Contract Development and Manufacturing Organization (CDMO)

We have 10-year-long term customers in the US for commercial products and are supplying Key intermediates to European customers and polymer API to Japanese originators that cover 50% global market share. In this year, we’ll have 30% growth of CRAMS business with integration of fill-finished projects.

Strategic partner for your success

1. From R&D process development to process validation
2. From pre-IND scale to commercial
3. From chemical sourcing to CMC documentation
4. From drug substance to drug product

All GMP-compliant

As a contract development and manufacturing organization (CDMO), Formosa Laboratories (Formosa Labs) offers full-service for both general and high potency API (HPAPI) for all stages of drug development for both clinical trial material (CTM) and commercialized (NDA).

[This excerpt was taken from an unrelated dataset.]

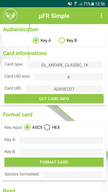 µFR NFC Reader - MIFARE example "Simple" 1.0

Our GMP compliance has been approved by DOH of Taiwan, US FDA, BGV of Germany, EDQM and PMDA of Japan since 2000.

Process development and route optimization are core competencies of our business. The company has a dedicated staff of professional process chemists and engineers with significant experience and expertise in the development of robust cGMP chemical processes.

With the fully-integrated R&D and manufacturing capabilities from API to FDF, Formosa is able to provide one-stop-shop CDMO services delivering our client drug product with price competitiveness and continuous supply.